Литмир - Электронная Библиотека

Только теперь эти, как казалось ему раньше, отвлеченные слова наполнились понятным и страшным содержанием. «Значит, это я убил вас, мои дорогие?» — шепотом спросил Огарков у медленно вставшей перед его глазами вереницы лиц и имен. Сильная, неудержимая дрожь стала бить его. Дрожь, впрочем, скоро унялась, сменившись мертвой оцепенелостью. Нет, он ничего не имел сказать трибуналу. Все, что произойдет, — должно произойти, потому что это справедливо.

Глава четвертая

Солдат Джурабаев — тот самый, что сорвал с петлиц Огаркова кубики, — стоял на часах возле землянки осужденного и приглядывался к окружающему миру не просто так, а с точки зрения часового. Большая курица с цыплятами, гуляющая неподалеку, его не касалась. Вороне, пронзительно орущей на верхушке тополя, не мешало бы и помолчать, находясь так близко к объекту охраны. Ветер, шуршащий в траве, несколько раз привлекал его внимание, но покуда это был только ветер и за шуршанием ничего не крылось.

Он прислушался к «объекту» — там было тихо. Осужденный не подавал признаков жизни.

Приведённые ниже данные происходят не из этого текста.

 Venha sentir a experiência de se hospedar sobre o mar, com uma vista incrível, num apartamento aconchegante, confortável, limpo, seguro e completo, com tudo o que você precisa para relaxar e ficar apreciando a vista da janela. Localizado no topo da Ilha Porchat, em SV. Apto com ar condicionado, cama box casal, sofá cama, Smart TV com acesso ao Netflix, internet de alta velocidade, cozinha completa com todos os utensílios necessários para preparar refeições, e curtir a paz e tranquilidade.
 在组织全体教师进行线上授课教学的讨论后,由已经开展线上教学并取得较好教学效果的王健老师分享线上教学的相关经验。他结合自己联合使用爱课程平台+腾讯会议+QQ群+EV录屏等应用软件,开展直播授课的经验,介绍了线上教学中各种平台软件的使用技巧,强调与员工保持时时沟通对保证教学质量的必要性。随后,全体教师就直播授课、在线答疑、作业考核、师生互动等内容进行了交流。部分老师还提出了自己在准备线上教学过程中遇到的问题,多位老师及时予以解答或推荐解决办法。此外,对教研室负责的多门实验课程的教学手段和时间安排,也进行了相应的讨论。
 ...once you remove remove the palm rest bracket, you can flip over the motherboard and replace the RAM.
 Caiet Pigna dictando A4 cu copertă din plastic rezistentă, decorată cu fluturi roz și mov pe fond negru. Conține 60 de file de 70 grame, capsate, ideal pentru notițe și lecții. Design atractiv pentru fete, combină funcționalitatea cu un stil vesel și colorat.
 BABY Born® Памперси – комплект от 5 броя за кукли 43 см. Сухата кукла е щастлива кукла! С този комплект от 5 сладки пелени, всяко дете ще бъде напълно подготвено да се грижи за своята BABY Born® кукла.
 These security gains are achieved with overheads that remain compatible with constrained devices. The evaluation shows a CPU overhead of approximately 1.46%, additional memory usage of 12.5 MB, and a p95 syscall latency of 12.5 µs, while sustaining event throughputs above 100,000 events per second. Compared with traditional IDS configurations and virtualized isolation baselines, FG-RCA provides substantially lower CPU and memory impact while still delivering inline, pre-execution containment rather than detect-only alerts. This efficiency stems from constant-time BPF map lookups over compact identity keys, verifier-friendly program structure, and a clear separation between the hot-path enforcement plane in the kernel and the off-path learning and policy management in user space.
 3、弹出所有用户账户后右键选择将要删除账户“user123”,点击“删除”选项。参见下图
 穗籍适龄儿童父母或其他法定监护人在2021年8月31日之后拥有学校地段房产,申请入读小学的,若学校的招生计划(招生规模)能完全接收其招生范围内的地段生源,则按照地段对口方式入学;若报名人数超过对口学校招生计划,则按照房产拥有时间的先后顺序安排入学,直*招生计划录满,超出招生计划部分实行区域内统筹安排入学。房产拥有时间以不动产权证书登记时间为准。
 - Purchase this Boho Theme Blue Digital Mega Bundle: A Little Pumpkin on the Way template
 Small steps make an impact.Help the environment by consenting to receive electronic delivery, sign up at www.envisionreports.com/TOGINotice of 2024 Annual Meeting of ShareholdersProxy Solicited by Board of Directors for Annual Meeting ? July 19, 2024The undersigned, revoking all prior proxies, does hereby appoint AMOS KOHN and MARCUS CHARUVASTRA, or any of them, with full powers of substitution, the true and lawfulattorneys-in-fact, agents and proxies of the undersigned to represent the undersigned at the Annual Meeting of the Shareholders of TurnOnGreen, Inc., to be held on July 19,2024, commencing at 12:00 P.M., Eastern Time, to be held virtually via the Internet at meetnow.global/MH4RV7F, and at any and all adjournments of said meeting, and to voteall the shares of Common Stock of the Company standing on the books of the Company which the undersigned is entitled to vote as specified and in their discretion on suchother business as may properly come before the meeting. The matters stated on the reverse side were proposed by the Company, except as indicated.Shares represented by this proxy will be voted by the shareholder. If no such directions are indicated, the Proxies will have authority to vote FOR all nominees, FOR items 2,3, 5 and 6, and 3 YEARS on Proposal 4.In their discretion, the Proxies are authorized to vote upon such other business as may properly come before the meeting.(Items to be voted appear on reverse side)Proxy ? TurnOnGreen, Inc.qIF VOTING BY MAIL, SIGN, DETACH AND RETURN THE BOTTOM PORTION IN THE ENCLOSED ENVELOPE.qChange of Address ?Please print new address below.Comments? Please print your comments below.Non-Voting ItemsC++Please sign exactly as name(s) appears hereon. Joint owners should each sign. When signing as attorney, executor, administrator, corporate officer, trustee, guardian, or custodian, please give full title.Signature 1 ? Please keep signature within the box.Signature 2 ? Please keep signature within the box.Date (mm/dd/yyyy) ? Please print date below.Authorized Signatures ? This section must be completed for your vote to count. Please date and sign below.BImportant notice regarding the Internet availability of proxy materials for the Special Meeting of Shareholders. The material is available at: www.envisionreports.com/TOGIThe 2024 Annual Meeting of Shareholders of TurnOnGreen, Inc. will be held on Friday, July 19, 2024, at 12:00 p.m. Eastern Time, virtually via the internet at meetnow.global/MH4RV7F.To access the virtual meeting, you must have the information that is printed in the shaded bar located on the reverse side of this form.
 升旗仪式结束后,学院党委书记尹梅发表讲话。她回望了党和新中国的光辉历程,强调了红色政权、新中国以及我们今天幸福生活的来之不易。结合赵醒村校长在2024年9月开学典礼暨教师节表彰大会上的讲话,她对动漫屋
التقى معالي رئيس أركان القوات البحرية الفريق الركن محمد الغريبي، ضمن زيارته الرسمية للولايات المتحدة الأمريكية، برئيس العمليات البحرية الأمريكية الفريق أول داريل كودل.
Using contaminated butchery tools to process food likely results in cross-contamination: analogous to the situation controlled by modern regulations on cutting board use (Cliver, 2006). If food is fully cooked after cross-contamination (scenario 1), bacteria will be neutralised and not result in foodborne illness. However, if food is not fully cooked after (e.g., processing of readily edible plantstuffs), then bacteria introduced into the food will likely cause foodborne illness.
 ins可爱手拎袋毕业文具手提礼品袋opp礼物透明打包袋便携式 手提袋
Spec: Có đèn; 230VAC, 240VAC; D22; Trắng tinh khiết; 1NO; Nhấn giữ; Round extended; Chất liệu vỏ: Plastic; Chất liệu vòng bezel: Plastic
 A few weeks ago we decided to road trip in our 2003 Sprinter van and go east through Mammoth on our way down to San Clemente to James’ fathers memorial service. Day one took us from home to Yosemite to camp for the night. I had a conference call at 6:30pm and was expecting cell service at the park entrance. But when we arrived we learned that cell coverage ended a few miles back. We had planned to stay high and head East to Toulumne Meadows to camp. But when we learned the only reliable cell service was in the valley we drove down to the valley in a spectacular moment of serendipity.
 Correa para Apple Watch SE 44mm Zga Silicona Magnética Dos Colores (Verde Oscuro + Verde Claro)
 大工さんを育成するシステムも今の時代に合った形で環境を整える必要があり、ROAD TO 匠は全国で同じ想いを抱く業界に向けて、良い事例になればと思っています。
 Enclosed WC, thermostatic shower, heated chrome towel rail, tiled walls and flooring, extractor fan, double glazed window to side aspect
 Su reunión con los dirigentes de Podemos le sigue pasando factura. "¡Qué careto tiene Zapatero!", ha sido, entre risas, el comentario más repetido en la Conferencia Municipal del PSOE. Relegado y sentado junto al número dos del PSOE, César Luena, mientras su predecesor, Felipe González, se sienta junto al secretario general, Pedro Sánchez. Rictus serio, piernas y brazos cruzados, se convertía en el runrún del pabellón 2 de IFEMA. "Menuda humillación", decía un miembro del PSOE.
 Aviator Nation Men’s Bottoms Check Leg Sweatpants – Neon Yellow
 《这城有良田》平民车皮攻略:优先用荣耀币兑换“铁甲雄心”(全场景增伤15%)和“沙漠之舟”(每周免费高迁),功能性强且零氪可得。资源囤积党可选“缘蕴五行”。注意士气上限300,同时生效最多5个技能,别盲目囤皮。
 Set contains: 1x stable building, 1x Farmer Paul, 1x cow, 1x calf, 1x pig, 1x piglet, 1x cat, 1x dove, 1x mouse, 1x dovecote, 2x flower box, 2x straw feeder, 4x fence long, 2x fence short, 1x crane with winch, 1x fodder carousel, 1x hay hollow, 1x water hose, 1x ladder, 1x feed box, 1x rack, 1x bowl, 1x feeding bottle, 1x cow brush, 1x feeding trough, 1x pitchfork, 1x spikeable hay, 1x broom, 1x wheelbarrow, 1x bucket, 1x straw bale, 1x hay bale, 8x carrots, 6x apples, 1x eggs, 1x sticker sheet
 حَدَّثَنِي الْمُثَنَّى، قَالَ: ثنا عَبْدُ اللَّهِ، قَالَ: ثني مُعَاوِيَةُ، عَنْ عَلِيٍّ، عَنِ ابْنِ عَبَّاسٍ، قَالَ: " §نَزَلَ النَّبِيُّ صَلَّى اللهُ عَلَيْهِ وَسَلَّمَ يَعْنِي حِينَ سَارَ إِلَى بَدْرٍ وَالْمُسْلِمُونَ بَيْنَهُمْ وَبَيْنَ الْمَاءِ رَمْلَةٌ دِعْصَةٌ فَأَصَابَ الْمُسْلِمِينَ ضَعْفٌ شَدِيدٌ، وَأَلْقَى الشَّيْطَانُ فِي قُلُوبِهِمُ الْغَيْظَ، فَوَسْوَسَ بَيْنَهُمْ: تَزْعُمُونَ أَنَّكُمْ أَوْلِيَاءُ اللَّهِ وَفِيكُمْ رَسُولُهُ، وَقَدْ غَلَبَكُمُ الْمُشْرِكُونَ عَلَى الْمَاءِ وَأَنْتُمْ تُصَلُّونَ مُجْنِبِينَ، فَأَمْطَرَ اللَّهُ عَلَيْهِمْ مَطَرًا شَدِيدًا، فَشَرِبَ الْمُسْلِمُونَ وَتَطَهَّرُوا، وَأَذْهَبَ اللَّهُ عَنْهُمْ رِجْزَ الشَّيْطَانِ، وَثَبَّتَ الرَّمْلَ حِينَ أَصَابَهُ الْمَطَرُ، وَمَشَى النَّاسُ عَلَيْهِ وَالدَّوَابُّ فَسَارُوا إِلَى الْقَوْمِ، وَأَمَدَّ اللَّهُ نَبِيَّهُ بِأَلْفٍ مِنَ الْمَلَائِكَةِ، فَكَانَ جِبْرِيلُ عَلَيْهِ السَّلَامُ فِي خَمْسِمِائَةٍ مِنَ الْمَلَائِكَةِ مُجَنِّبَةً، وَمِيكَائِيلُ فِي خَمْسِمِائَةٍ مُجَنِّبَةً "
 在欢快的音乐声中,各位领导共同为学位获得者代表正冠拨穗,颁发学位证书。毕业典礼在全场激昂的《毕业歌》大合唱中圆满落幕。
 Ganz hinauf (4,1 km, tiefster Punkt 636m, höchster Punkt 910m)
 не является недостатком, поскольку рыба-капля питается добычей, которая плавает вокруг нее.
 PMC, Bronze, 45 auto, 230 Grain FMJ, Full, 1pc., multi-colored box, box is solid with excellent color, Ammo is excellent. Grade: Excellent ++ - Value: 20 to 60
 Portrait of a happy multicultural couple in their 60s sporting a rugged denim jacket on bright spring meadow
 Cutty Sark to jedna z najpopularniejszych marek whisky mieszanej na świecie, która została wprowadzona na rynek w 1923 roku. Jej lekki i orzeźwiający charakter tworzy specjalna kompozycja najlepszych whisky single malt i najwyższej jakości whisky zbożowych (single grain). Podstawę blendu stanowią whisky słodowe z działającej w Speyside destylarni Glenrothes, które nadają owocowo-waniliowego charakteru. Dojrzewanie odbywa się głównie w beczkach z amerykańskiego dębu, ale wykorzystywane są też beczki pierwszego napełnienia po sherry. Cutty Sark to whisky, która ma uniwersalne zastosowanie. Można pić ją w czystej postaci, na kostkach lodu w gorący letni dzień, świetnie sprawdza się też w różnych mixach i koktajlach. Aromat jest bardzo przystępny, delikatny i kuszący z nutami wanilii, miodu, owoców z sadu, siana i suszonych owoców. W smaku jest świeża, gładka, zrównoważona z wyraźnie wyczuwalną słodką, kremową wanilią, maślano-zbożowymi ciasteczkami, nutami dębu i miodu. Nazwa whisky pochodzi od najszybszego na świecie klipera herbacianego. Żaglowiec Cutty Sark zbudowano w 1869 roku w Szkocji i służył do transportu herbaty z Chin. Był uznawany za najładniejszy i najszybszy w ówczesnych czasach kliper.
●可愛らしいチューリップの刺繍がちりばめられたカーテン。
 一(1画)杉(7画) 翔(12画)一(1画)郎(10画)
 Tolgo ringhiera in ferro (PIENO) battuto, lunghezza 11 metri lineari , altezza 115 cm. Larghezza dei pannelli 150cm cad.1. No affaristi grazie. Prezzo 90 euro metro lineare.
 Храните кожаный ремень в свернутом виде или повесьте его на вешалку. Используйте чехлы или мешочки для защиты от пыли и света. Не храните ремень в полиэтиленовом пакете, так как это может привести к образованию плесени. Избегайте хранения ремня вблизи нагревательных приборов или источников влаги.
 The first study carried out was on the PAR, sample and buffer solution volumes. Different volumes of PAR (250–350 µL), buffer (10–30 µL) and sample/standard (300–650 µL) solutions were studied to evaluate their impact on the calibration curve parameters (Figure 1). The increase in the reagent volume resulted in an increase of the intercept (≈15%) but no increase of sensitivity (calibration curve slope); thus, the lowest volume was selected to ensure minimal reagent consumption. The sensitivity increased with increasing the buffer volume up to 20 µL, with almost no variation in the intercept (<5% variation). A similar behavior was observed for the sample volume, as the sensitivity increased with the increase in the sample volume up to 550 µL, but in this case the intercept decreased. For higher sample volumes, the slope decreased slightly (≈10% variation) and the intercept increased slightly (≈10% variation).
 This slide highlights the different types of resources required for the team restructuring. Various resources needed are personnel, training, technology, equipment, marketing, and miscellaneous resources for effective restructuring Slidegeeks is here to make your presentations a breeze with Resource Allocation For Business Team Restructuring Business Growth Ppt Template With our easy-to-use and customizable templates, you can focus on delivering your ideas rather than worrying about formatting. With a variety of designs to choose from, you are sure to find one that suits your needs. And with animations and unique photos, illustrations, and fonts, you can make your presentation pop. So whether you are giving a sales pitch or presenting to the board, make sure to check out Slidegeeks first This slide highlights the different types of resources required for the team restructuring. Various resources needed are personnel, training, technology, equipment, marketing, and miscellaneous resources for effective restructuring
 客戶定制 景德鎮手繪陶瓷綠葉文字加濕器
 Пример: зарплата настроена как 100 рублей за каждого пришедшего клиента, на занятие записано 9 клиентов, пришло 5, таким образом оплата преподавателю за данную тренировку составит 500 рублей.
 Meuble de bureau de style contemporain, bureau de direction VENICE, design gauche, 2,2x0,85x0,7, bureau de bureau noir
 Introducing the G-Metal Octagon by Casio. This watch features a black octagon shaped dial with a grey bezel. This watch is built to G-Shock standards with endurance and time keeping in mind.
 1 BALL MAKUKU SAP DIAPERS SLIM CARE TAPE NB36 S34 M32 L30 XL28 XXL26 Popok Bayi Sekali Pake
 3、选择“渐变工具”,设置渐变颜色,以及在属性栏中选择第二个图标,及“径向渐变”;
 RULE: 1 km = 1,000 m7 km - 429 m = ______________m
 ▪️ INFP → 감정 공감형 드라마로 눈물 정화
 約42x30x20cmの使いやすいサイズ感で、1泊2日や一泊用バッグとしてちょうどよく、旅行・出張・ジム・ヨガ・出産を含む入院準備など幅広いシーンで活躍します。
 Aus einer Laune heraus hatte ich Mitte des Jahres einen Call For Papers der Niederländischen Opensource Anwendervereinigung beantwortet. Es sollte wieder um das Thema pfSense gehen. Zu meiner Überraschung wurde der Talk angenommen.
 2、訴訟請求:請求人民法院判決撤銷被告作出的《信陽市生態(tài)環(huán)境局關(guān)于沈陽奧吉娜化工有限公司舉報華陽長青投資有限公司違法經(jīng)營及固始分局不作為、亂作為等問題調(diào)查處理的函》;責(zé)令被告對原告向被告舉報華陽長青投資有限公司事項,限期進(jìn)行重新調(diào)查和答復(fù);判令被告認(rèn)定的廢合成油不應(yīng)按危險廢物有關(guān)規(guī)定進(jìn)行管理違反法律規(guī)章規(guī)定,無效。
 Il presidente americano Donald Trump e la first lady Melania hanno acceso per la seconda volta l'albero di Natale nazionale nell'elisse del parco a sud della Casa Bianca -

Джурабаев был один из тех исполнительных, до щепетильности точных солдат, которые иногда кажутся туповатыми. Он попал в армейскую роту охраны недавно, после легкого ранения, и считал это неожиданным счастьем, потому что жизнь при штабе армии была куда более легкой и безопасной, нежели жизнь на передовой. Однако он помнил об оставшихся на переднем крае товарищах, которые были ничем не хуже его, — поэтому он не мог считать справедливым постигшее его счастье и старался компенсировать свою совесть беззаветной преданностью службе. Службе с большой буквы, выполняя устав до мельчайших тонкостей, не давая себе поблажек ни в чем.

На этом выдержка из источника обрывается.